Category Archives: Ruby

Project Euler 53: Ruby

In my attempt to learn Ruby out in the open, here’s my solution for Project Euler Problem 53

I first attempted to solve this problem using the Ruby combinations libraries. That didn’t work out so well. With a second look at the problem, the provided formula ended up being just the thing to solve the problem effectively.

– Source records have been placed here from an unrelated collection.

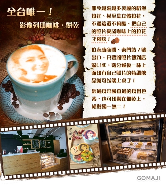 全台唯一影像拉花,打造魔法學院+韓風花牆及 iMax 攝影棚! wifi 隨拍隨傳,手機裡的珍貴照片都可以變成客製化專屬飲料~自拍美照、毛孩萌樣、情侶放閃等,現在都可以輕鬆印在拿鐵和奶茶上啦!精選來自中美的咖啡豆與來自英國的紅茶茶葉,混和牛乳調配出完美比例後,鋪上特製奶蓋再拉花影像,絕對是大大的視覺與味覺雙重滿足! ✔ 影像列印拿鐵
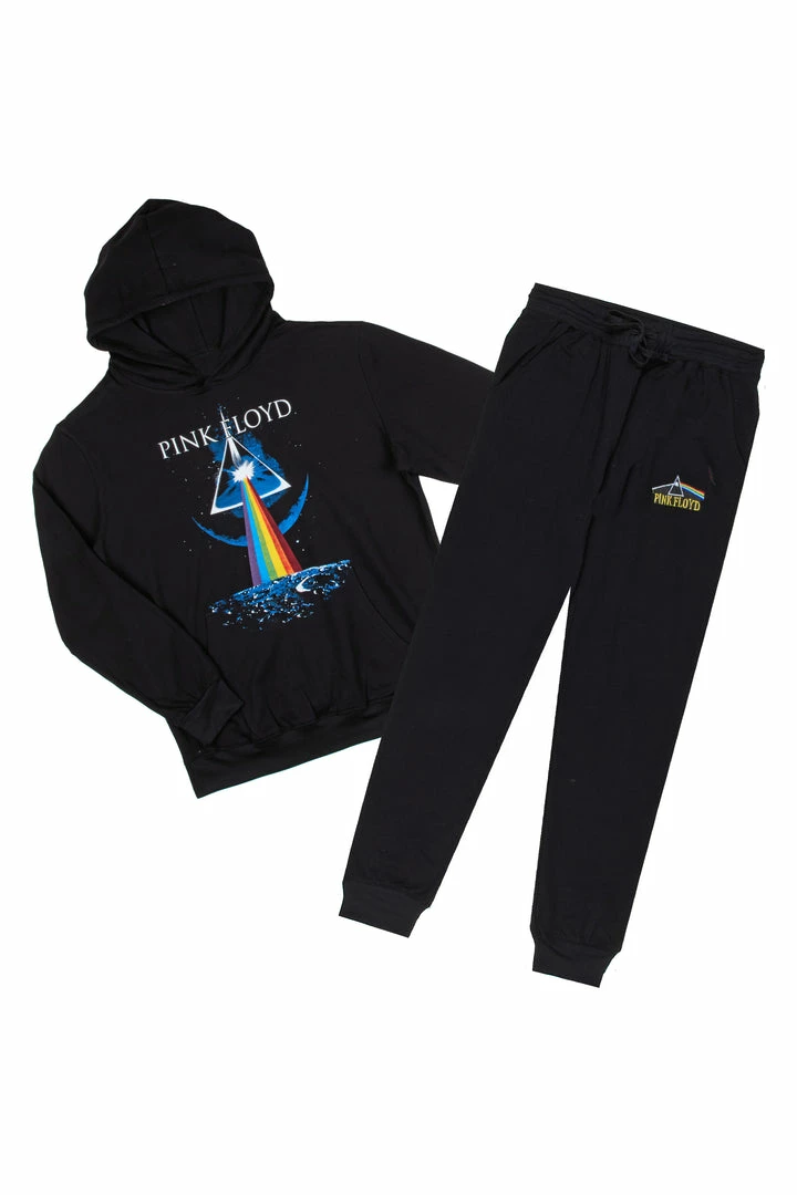 Rockstar Original Men’s two-piece sweat pant set inΒ black. Featuring aΒ Pink FloydΒ logo on the top and bottoms. Top accents aΒ drawstring hoodΒ and ribbed cuffs and hemline while bottoms accent a drawstring waistband, side pockets and ribbed cuffs. Designed with luxurious cotton for a super soft internal finish.
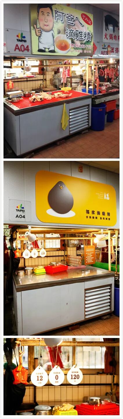 海峡的对岸,在我们的台湾省,也对改造店招做出过尝试,但完全是不同的方向。台北市文化局组织了一个活动由一群设计师和艺术家组成的团队对台北传统的菜市场进行“再设计”,改变人们对于菜市场“嘈杂、混乱”的印象。
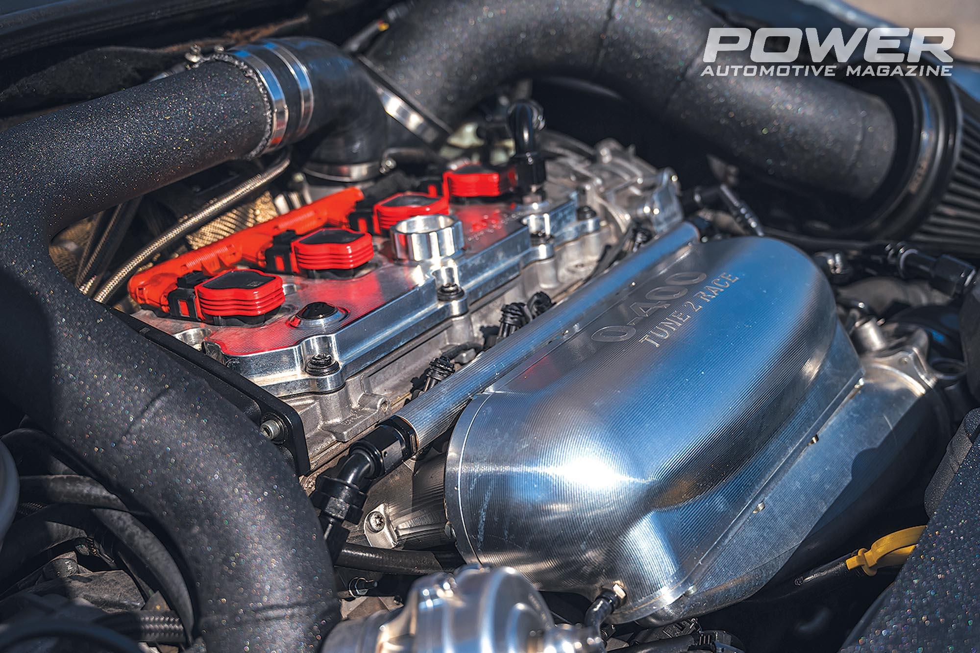Η εξάτμιση είναι χειροποίητη, με downpipe 90mm από την PPM Exhausts, η οποία έχει κατασκευάσει και τις σωληνώσεις στην μεριά της εισαγωγής. Το intercooler είναι και αυτό custom κατασκευή της 0-400 Tune 2 Race με «πυρήνα» της Garrett πάχους 100mm, ενώ το ίδιο ισχύει και για το σύστημα τροφοδοσίας καυσίμου, με ένα πλήρες fueling kit που περιλαμβάνει δύο αντλίες υψηλότερης παροχής. To external wastegate είναι της Turbosmart με διάμετρο 45mm. Από την άλλη μεριά, αυτή της εισαγωγής, ακολουθώντας την ροή του αέρα, συναντάμε αρχικά μια φιλτροχοάνη της Aeroflow και μετά το turbo και το intercooler ο συμπιεσμένος αέρας καταλήγει στην γνωστή και αποδοτική billet αλουμινένια πολλαπλή εισαγωγής με πεταλούδα 75mm της 0-400 Tune 2 Race, ένα κόσμημα σήμα κατατεθέν σε όλα τα δυνατά μηχανοστάσια της εταιρείας. Για να «αποφορτίζεται» το κύκλωμα στο άφημα του γκαζιού φροντίζει μια σκάστρα 50mm της TiAl, ενώ για το «τάισμα» του TFSI, φροντίζουν τα τεράστια μπεκ της FIC με παροχή 1.300cc/min. Οι πολλαπλασιαστές είναι και αυτοί δυνατότεροι από την MSD και τον προγραμματισμό του εγκεφάλου Extreme MS3 TFSI της MS Labs για να μπορέσει να συνεργαστεί με όλες αυτές τις καινούριες παραμέτρους τον έχει προγραμματίσει η Dynodrome. Ο Extreme MS3 ειδικά για τους κινητήρες 2.0TFSI EA113 είναι plug&play στην εργοστασιακή πλεξούδα, αλλά είναι πολύ πιο παραμετροποιήσιμος από τον εργοστασιακό MED9.1 της Bosch. Η μεγαλύτερη διαφορά είναι ότι με τον Extreme MS3 καταργείται η εργοστασιακή αντλία υψηλής πίεσης και τα μπεκ του άμεσου ψεκασμού και ο κινητήρας μετατρέπεται σε έμμεσου ψεκασμού, χωρίς τροποποίηση όμως στην πλεξούδα, αφού οι φίσες του άμεσου ψεκασμού συνδέονται κατευθείαν στα καινούργια μπεκ του έμμεσου. Όλα τα υπόλοιπα συστήματα λειτουργούν κανονικά, ABS, ASR, ESP, DSG, Haldex, πίνακας οργάνων, A/C, immobilizer, ακόμα και το διαγνωστικό της VW μπορεί να συνδεθεί μέσω της νέας θύρας OBD2 και να αναγνωρίσει βλάβες ή να κάνει ρυθμίσεις.
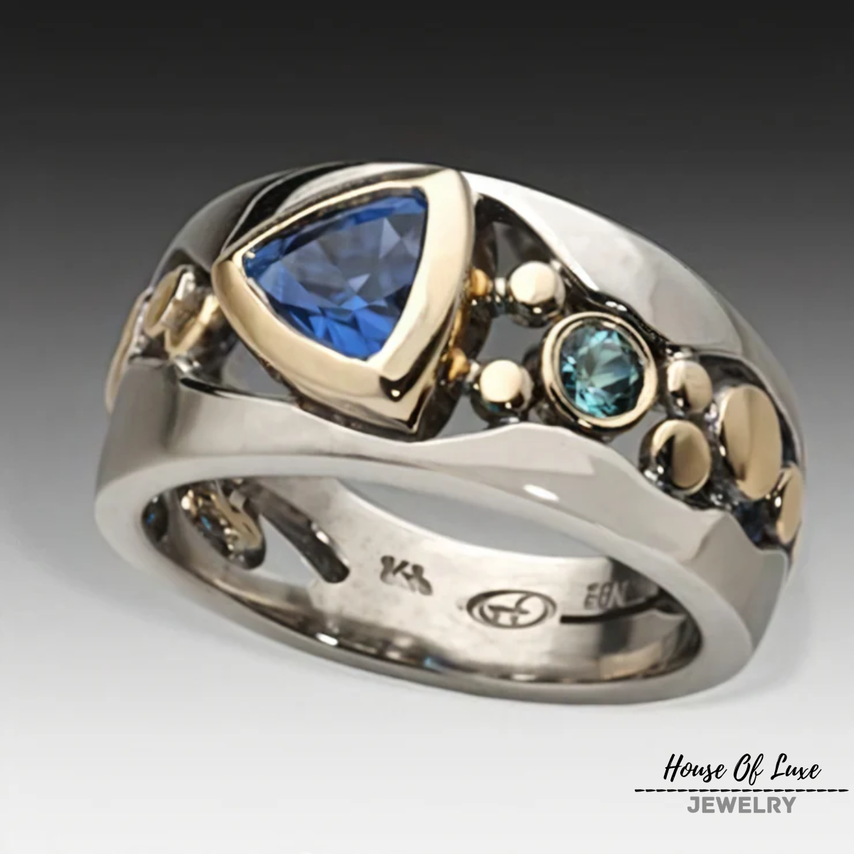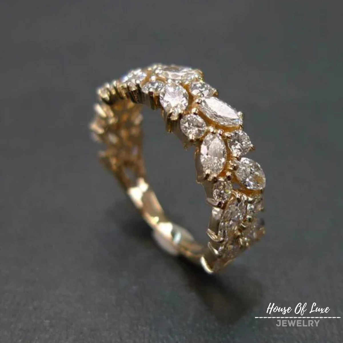 ELEGANT INLAID CRYSTAL GOLD RING

As always, any feedback is welcome.

# Euler 53
# http://projecteuler.net/index.php?section=problems&id=53
# There are exactly ten ways of selecting three from five,
# 12345: 123, 124, 125, 134, 135, 145, 234, 235, 245,
# and 345
# In combinatorics, we use the notation, 5C3 = 10.
# In general,
#
# nCr = n! / r!(n-r)!,where r <= n,
#              n! = n(n1)...321, and 0! = 1.
#
# It is not until n = 23, that a value exceeds
# one-million: 23C10 = 1144066.
# In general: nCr
# How many, not necessarily distinct, values of  nCr,
# for 1 <= n <= 100, are greater than one-million
timer_start = Time.now

# There's no factorial method in Ruby, I guess.
class Integer
  # http://rosettacode.org/wiki/Factorial#Ruby
  def factorial
    (1..self).reduce(1, :*)
  end
end

def combinations(n, r)
  n.factorial / (r.factorial * (n-r).factorial)
end

answer = 0

100.downto(3) do |c|
  (2).upto(c-1) { |r|
    answer += 1 if combinations(c, r) > 1_000_000
  }
end

puts answer

puts "Elapsed Time: #{(Time.now - timer_start)*1000} milliseconds"

Project Euler 52: Ruby

In my attempt to learn Ruby out in the open, here’s my solution for Project Euler Problem 52

Compared to Problem 51, this problem was a snap. Brute force and pretty quick…

As always, any feedback is welcome.

# Euler 52
# http://projecteuler.net/index.php?section=problems&id=52
# It can be seen that the number, 125874, and its double,
# 251748, contain exactly the same digits, but in a
# different order.
#
# Find the smallest positive integer, x, such that 2x, 3x,
# 4x, 5x, and 6x, contain the same digits.
timer_start = Time.now

def contains_same_digits?(n)
  value = (n*2).to_s.split(//).uniq.sort.join
  3.upto(6) do |i|
   return false if (n*i).to_s.split(//).uniq.sort.join != value
  end

  true
end

i = 100_000
answer = 0

while answer == 0
  answer = i if contains_same_digits?(i)
  i+=1
end

puts answer

puts "Elapsed Time: #{(Time.now - timer_start)*1000} milliseconds"

Project Euler 51: Ruby

In my attempt to learn Ruby out in the open, here’s my solution for Project Euler Problem 51

I know I started back up with Python this week, but I have three more Ruby solutions in the hopper and I wanted to share. For the record, Project Euler 51 was the second hardest Euler problem for me thus far. Yeah.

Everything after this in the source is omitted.